2013년 2월 20일 수요일

Hadoop 설치하기 on Ubuntu12.10

Hadoop 설치하기 on Ubuntu12.10


0. 설치 준비 

기본적으로 hadoop은 리눅스 기반에서 동작하기 때문에, 윈도우 VMWARE 에 우분투(ubuntu 12.10)를 설치해서 hadoop 을 설치 작업을 진행한다.

 - openSSH server 설치 : software center => Secure shell client and server 설치
 - JDK 다운로드 :  http://www.oracle.com/technetwork/java/javase/downloads/jdk6downloads-1902814.html
 - Hadoop 다운로드 : http://hadoop.apache.org/releases.html
     여러가지 버전중에 hadoop-1.0.4.tar.gz 를 이용해서 테스트 함 (stable)
   

이제 필요한 준비를 모두 된거 같아 하나씩 설치해 보자

1. Hadoop 용 계정 추가 

citylock@ubuntuA:~/Downloads$ sudo adduser hadoop
[sudo] password for citylock:
Adding user `hadoop' ...
Adding new group `hadoop' (1001) ...
Adding new user `hadoop' (1001) with group `hadoop' ...
Creating home directory `/home/hadoop' ...

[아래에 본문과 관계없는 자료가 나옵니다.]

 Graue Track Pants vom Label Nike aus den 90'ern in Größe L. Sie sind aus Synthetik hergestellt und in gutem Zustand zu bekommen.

2. Hadoop이 사용할 temp 디렉토리 만들기 

citylock@ubuntuA:/home/hadoop$ sudo chown hadoop.hadoop temp/
citylock@ubuntuA:/home/hadoop$ ll
total 36
drwxr-xr-x 3 hadoop hadoop 4096 Feb 20 06:14 ./
drwxr-xr-x 4 root   root   4096 Feb 20 06:10 ../
-rw-r--r-- 1 hadoop hadoop  220 Feb 20 06:10 .bash_logout
-rw-r--r-- 1 hadoop hadoop 3486 Feb 20 06:10 .bashrc
-rw-r--r-- 1 hadoop hadoop 8445 Feb 20 06:10 examples.desktop
-rw-r--r-- 1 hadoop hadoop  675 Feb 20 06:10 .profile
drwxr-xr-x 2 hadoop hadoop 4096 Feb 20 06:14 temp/

** hadoop이 실행되면 map, reduce 하는 과정에서 사용되는 temp 디렉토리


3. ssh 키생성후 authorized_keys 로 등록하기(비밀번호 입력없이 바로 접속할수 있다)

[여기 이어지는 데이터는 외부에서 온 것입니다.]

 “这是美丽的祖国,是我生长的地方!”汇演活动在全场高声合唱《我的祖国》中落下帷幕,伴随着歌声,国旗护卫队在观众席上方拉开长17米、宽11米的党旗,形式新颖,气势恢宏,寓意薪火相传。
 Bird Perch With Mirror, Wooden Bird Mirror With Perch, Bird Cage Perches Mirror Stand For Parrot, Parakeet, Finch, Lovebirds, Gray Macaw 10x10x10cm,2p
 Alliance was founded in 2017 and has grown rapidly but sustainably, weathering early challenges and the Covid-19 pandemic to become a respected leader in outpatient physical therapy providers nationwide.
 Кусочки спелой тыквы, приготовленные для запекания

hadoop@ubuntuA:~$ ssh-keygen -t rsa -P ""
Generating public/private rsa key pair.
Enter file in which to save the key (/home/hadoop/.ssh/id_rsa):
Created directory '/home/hadoop/.ssh'.
Your identification has been saved in /home/hadoop/.ssh/id_rsa.
Your public key has been saved in /home/hadoop/.ssh/id_rsa.pub.
The key fingerprint is:
4e:34:7d:6d:81:a3:f7:77:03:61:73:8d:d4:9b:cb:78 hadoop@ubuntuA
The key's randomart image is:
+--[ RSA 2048]----+
|             ooo.|
|         .  o=.oo|
|        o ..o.* o|
|       . ....o o |
|        S  . .+ .|
|       o     ..Eo|
|        .     ..o|
|                 |
|                 |
+-----------------+

hadoop@ubuntuA:~/.ssh$ cp id_rsa.pub authorized_keys
hadoop@ubuntuA:~/.ssh$ cat authorized_keys 
ssh-rsa AAAAB3NzaC1yc2EAAAADAQABAAABAQC7J1YY10OHCcH3C+uHyOpjFs2BkgPcS4Mn+gAd3yb05jgwqd1ff3vfzxwma3dsWeWehUNhnZOrvQmphJYQ+JNBsFPGaRLQxA2d8/YiLyrq9d3gj/NS+Es1JDO1hsPnbzHnLxacLvl0xayab9uYsFDX11tNJyTYQX+sc5GqIOaYyZwNYXh+04tSBPcW2ksIXCISvmpXwSV2Rp9UAFTdf+nHIKPuu8nDsJzHCHIRghFjRkS0awP7LsUMPY4oerAQtKa0dd16cMN1J4LW0Nfci4k+WT5IomlJtv3BWuod1wTNxVHgzy8qsdGO2x6tLhEE0GwNHLkU2++g98oEdJtCGPkZ hadoop@ubuntuA


이렇게 생성된 authorized_keys 파일을 slave 서버의 ~/.ssh/ 디렉토리에 복사한다.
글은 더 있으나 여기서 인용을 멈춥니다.